Several carriers have canceled or postponed their sailings from Shanghai to the US in the last week of June. But the backlog of containerships created during the lockdown period is under control and is being cleared methodically. There was less congestion in Chinese ports “across the board,” not just in Shanghai. Berthing delays have decreased across the board in all three major port areas, and vessel lineups are getting shorter. While Shanghai’s reopening has boosted labor availability, better weather in eastern and northern China has helped to lessen berthing delays.
Peak season will start mid-to late-July and run through Q3 in this unpredictable year. Carriers plan to closely watch volume over the following three months to decide which course to take in Q4 and beyond 2023.
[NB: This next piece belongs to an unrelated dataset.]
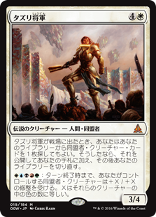 | Rules | When General Tazri enters the battlefield, you may search your library for an Ally creature card, reveal it, put it into your hand, then shuffle. : Ally creatures you control get +X/+X until end of turn, where X is the number of colors among those creatures. |
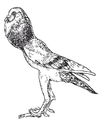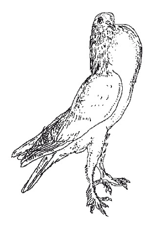 Как уже упоминалось, у этих голубей прямая стойка, стройная фигура и длинные ноги. В предпяточной части ноги голые, красные. Длина их от коленного сустава до конца среднего пальца около 130–170 мм; поставлены они должны быть как можно уже.

Demand levels are influenced by macro-level uncertainties, including the crisis in Ukraine, rising inflation in Europe, and poor consumer confidence. The west’s inventory levels could also be calming the market’s “bullwhip” impact. For instance, recently, Samsung had requested many suppliers to postpone or restrict shipments of both components and finished goods owing to “surging” stocks and inflationary worries.
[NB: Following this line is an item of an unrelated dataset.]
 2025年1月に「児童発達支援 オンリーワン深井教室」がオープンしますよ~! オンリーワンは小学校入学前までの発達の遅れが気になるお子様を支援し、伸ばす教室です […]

Due to the return of passenger aircraft and their belly capacity to the market, the world’s air cargo capacity is back to its 2019 levels. Compared to the similar pre-Covid time in 2019, the worldwide aviation cargo capacity between June 13 and June 26 decreased by only 4%. However, the increase in capacity had not been consistent, and trade lanes varied “quite significantly.” For instance, the direct air cargo capacity between Asia and Europe in the timeframe was 50% lower than in 2019 due to the conflict in Ukraine and the shutdown of Russian airspace.
In Q3 2022, several variables will influence the air freight business. These will primarily be affected by the health of the world economy, the state of the ocean freight industry, geopolitical variables like the conflict in Ukraine, and potential future Covid-19 lockdowns.
However, based on the supply-demand imbalance brought on by fewer passenger flights, the termination of freighter flights, and interruptions in the ocean transport industry, market demand will generally stay high until 2022. Unless the market experiences persistent macroeconomic headwinds, such as inflation, interest rate rises, and a decline in consumer confidence, air freight prices are likely to stay high.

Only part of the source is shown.